Extended medical leaves of absence are one of the most difficult human resource challenges for employers today. Like any contract, an employment contract can be “frustrated” and come to an end. Basically, this may happen when it becomes impossible for one of the parties to perform their end of the bargain. One situation where an employment contract can be frustrated is when, due to an illness or injury, it becomes clear that an employee is no longer able to work. But it is not easy to define when that will become clear. 

Some useful guidance on this issue comes from the recent decision of the Human Rights Tribunal of Ontario (“HRTO”) in Gahagan v. James Campbell Inc. It decided that a two and one half year medical leave, with no prospect of medical improvement, was enough to find that an employment contract was legally frustrated.

The Employee’s Complaints Against JCI

James Campbell Inc. (“JCI”) operated a series of McDonald’s restaurants in Eastern Ontario. One such restaurant was a small operation connected to a gas station (the “Restaurant”). Ms. Gahagan had been working at the Restaurant for over seven years. She seriously injured her back at work in May 2009 when she lifted a pan from underneath a french fry vat. Gahagan immediately went on medical leave. She never returned to work.

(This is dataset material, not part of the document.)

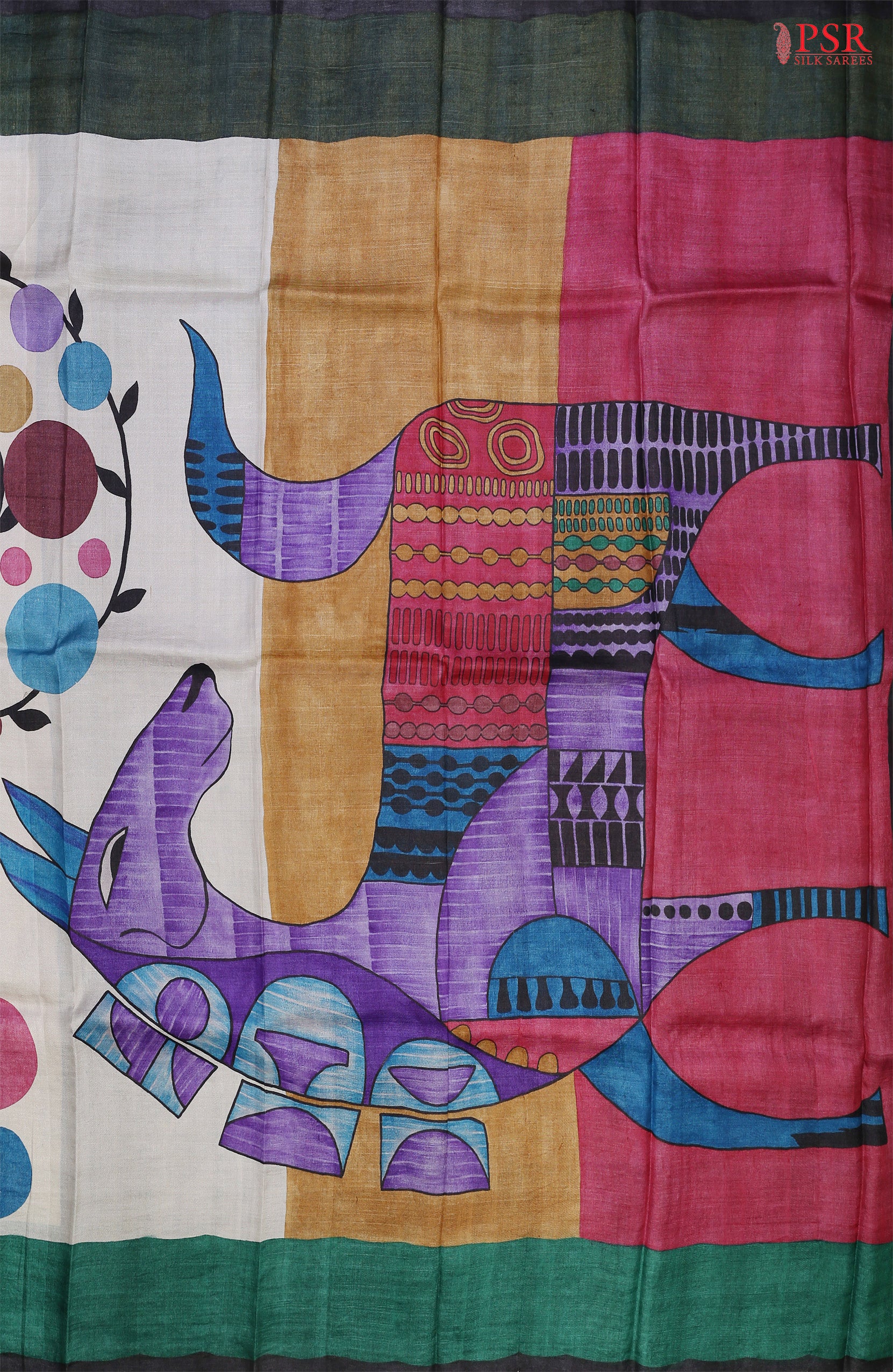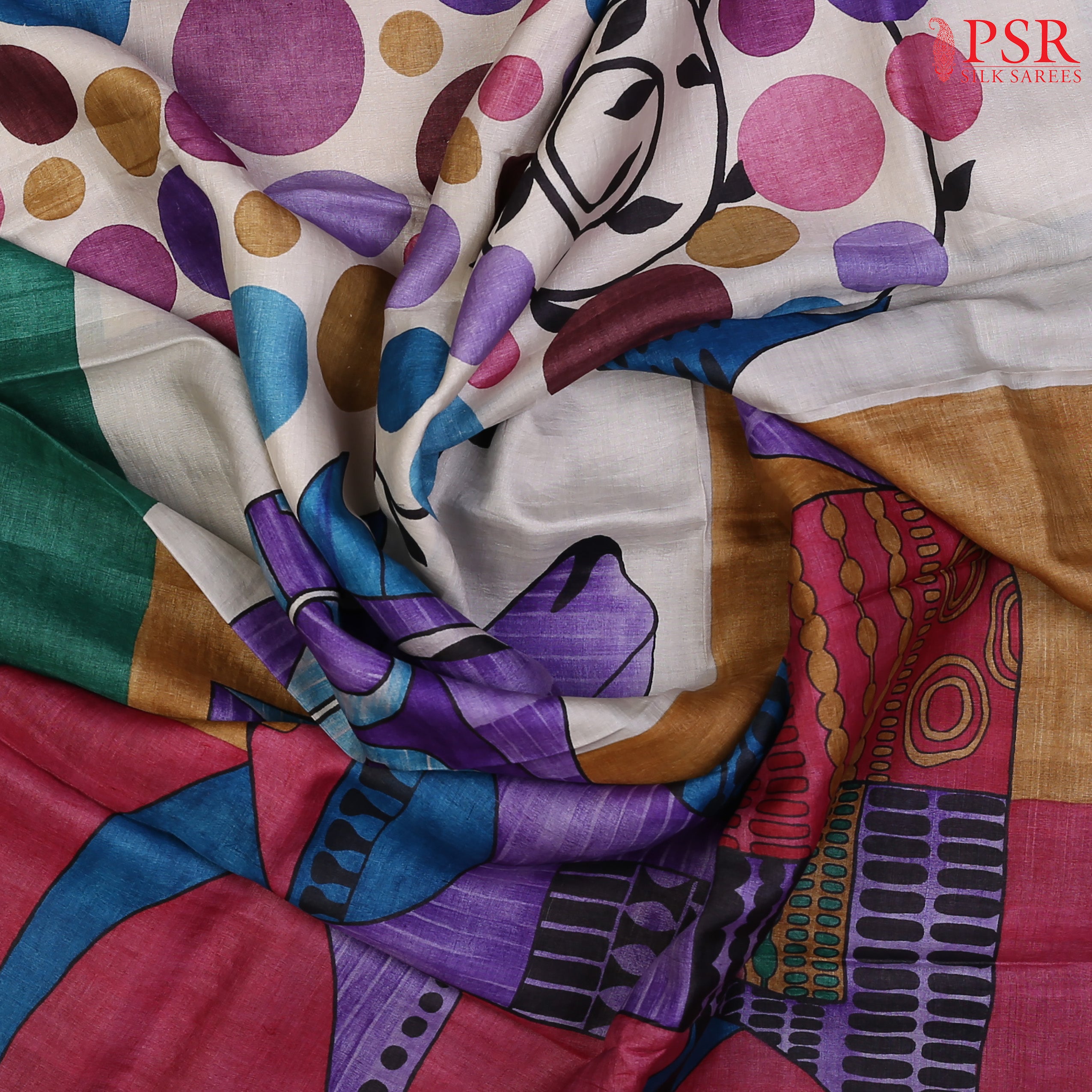 PSR Silks presents an elegant Off-White Khadi Tussar Silk Saree, beautifully complemented with a striking Dark Green combination. This saree features playful multicolor polka prints throughout, enhanced by contemporary designer prints on the pallu.

Following her injury, Gahagan applied for and received Workplace Safety and Insurance Board (“WSIB”) benefits. She later underwent significant rehabilitation efforts, without much success. In November 2009, the WSIB said that Ms. Gahagan couldn’t lift above 10 pounds, couldn’t twist or bend, stand for more than 10 minutes, sit for more than 5 minutes, or work for more than 3 hours per day, 3 days per week. These restrictions never changed.

In light of the restrictions, the WSIB reviewed the workplace to see what accommodations might be available. JCI was not entirely cooperative. But the WSIB concluded that no suitable workplace accommodation was available. It then provided Ms. Gahagan with job retraining.

Ms. Gahagan brought an application to the HRTO (the “First Application”) because of JCI’s failure to cooperate in the WSIB’s accommodation review.

Ms. Gahagan also obtained Canada Pension Plan (“CPP”) disability benefits and Long Term Disability benefits (“LTD”) from her insurer.

On October 3, 2011, nearly two and a half years after Ms. Gahagan’s medical leave started, JCI terminated her employment. It said that her employment contract had been frustrated. There was no evidence that Ms. Gahagan would ever return to work.

Ms. Gahagan then filed a second application with the HRTO (the “Second Application”).  She claimed, among other things, that the termination was a reprisal for the First Application. The First and Second Applications were then decided together.

Decision of the HRTO

The HRTO decided that Ms. Gahagan was never medically able to return to work at the Restaurant. There was no way the employer could accommodate her medical restrictions.  This was so despite JCI’s failure to fully cooperate with the WSIB.

The HRTO agreed with JCI that the employment contract had been frustrated. Ms. Gahagan’s condition hadn’t improved during the two and one-half years since her injury.  The HRTO also took note of the fact that in order to qualify for CPP and LTD, Gahagan had confirmed she was unable to work.

As a result, both of Ms. Gahagan’s applications were dismissed.

Lessons on Frustration of Contract

This case gives us good insight into what evidence and situations will justify terminating an employment contract on the basis of frustration.

The medical evidence was critical. The fact that the medical restrictions remained unchanged for two and one half years weighed in favour of a finding that the employee’s injury would keep her away from work for the foreseeable future.

Employers may be appropriately vigilant with an employee on an extended medical leave.  One may seek clarification of restrictions at reasonable intervals. Keep track of any changes. Where there is no improvement over time, and there is no way to accommodate an employee’s restrictions, the probability of a frustrated contract increases.

Ms. Gahagan’s case also confirms that a reasonable period of time is required before frustration will likely be found. In this case, two and one-half years of leave with no medical improvement was enough.

Finally, employers may take note of the benefits obtained or declarations made by an employee. In this case, the employee’s applications for CPP and LTD benefits supported the finding that she would never be returning to the Restaurant.

On a final note, employers must be careful about monetary entitlements if terminating an employee due to a frustrated contract. While under the the common law of the courts, a genuinely frustrated contract will not typically result in the need to give notice or pay in lieu of notice, there may be statutory requirements to pay termination pay or severance pay. For example, Ontario requires statutory termination pay and severance pay if frustration is due to injury or illness. Furthermore, if the employee has a written employment contract, one must carefully analyze its termination clauses to see what if any entitlements the employee may have.